EXERCISE DETAILS » Starting at the line with "スタイル:レトロ◆商品名:Afuly 2L判 ヴィンテージ額縁エ" and ending at the line with "Говоримо в невеличкому", print exactly the lines of the entries below. Pictures do not belong in the copy.

RECORD SET »
━━━━━━━━━━━━━━━━━━━━

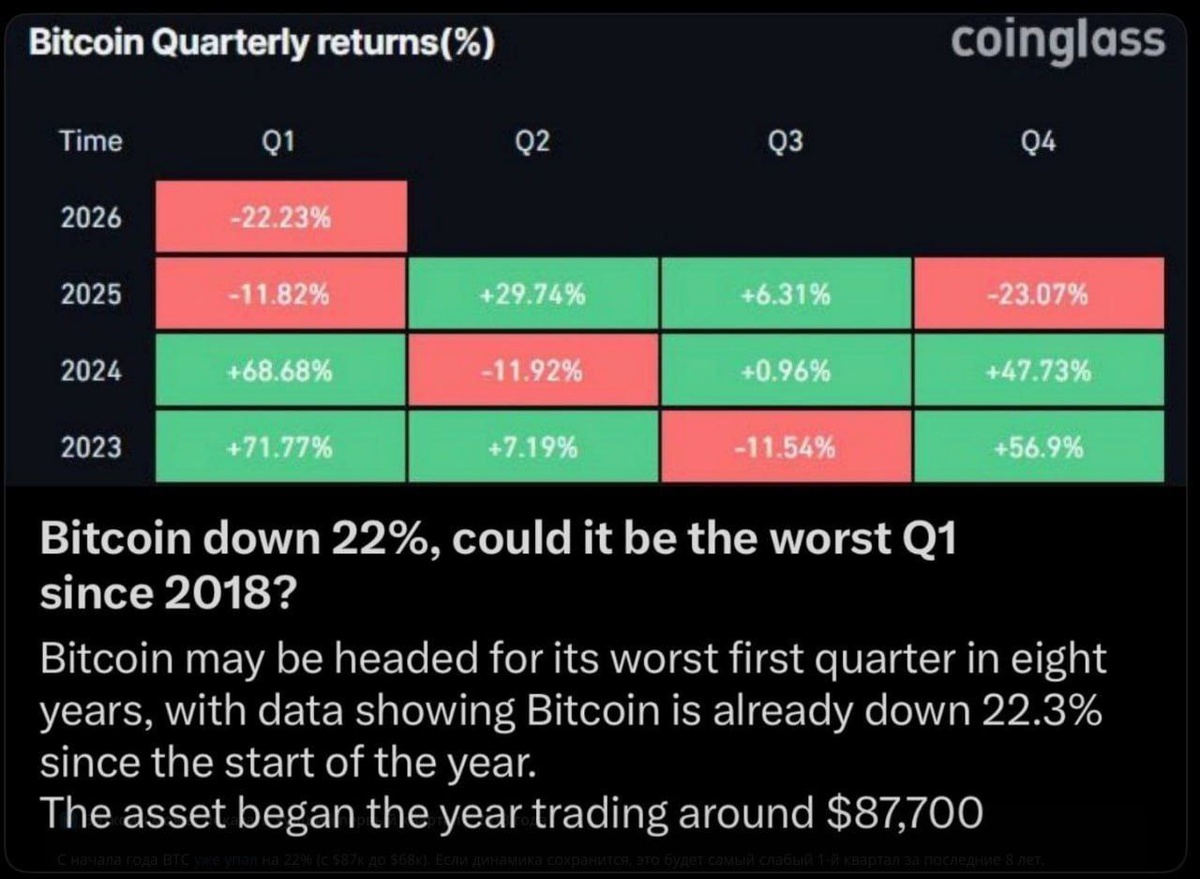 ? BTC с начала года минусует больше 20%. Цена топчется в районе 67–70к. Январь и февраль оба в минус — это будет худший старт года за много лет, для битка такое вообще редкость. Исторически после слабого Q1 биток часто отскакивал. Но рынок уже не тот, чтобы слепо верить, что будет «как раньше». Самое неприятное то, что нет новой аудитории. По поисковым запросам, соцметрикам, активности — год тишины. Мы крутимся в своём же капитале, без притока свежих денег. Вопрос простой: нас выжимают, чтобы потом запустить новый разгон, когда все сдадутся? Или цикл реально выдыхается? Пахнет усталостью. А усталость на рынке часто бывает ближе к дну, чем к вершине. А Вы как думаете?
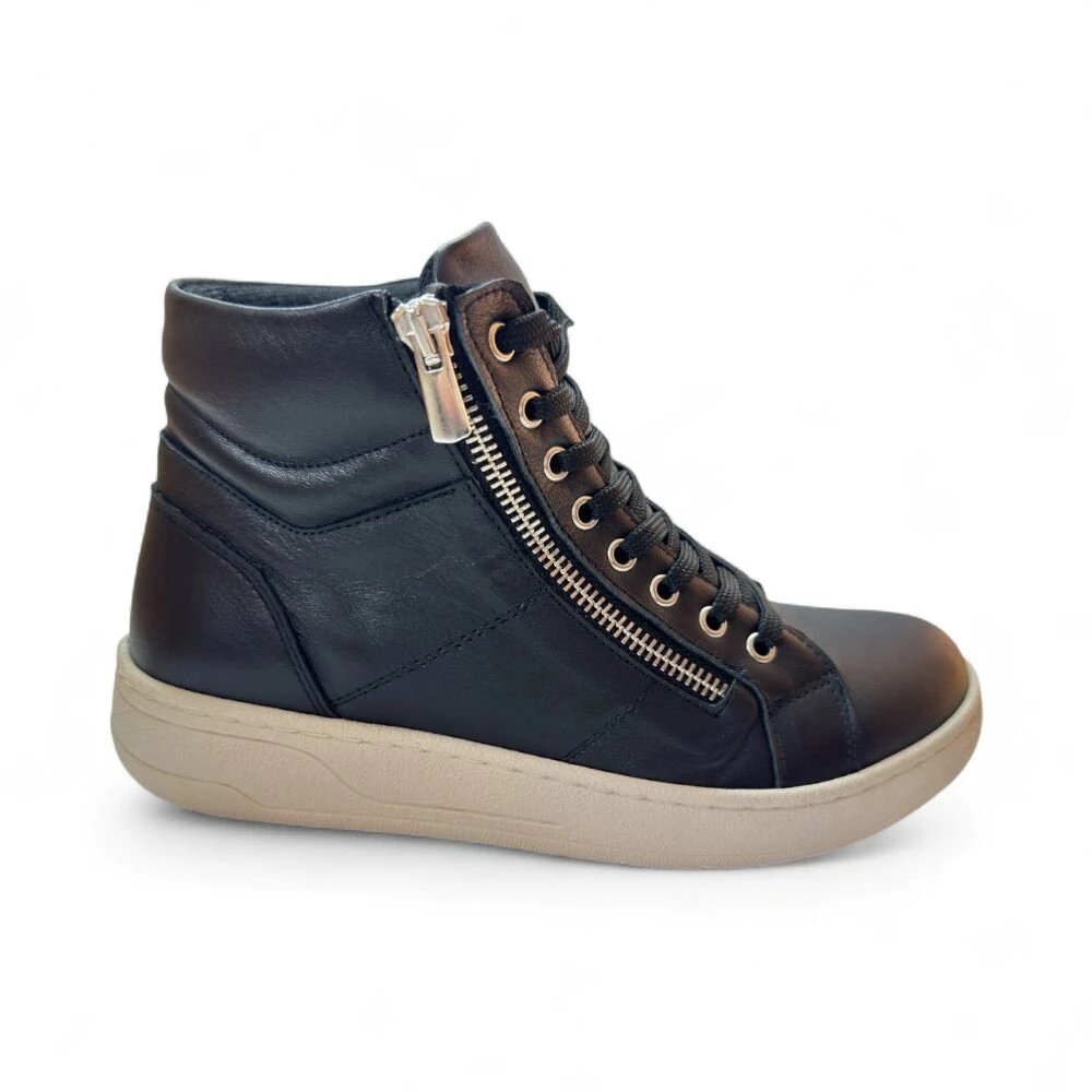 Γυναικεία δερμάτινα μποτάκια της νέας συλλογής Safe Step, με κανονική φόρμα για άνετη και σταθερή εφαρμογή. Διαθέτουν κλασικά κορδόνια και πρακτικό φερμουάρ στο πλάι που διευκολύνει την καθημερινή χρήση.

━━━━━━━━━━━━━━━━━━━━

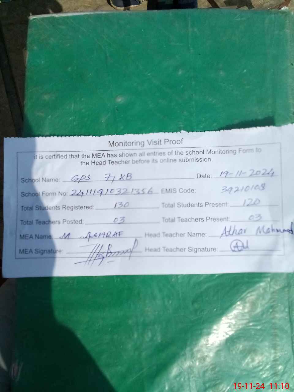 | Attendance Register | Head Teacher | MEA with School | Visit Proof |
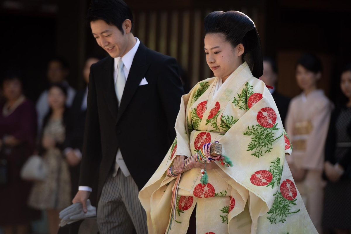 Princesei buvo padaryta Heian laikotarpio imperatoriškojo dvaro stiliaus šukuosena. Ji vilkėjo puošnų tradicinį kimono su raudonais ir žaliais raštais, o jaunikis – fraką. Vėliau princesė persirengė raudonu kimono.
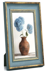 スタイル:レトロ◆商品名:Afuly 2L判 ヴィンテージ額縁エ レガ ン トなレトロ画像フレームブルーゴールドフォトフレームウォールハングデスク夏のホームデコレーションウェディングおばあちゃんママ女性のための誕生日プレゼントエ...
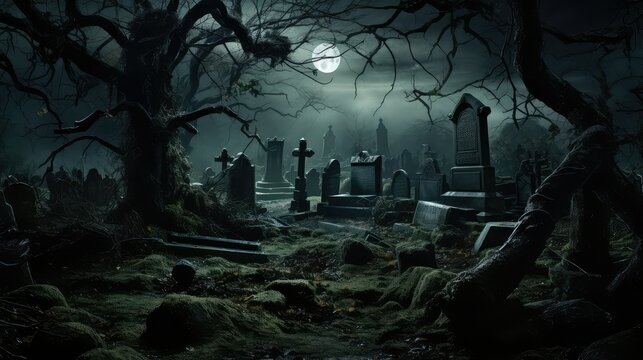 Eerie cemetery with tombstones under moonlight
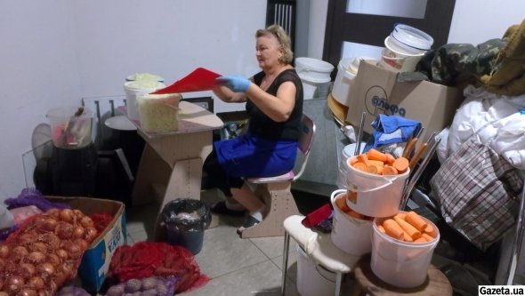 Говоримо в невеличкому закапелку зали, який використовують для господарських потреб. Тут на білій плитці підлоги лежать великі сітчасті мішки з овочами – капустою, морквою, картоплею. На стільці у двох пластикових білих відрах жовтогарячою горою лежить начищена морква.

━━━━━━━━━━━━━━━━━━━━

RESPONSE »
 スタイル:レトロ◆商品名:Afuly 2L判 ヴィンテージ額縁エ レガ ン トなレトロ画像フレームブルーゴールドフォトフレームウォールハングデスク夏のホームデコレーションウェディングおばあちゃんママ女性のための誕生日プレゼントエ...
 Eerie cemetery with tombstones under moonlight
 Говоримо в невеличкому закапелку зали, який використовують для господарських потреб. Тут на білій плитці підлоги лежать великі сітчасті мішки з овочами – капустою, морквою, картоплею. На стільці у двох пластикових білих відрах жовтогарячою горою лежить начищена морква.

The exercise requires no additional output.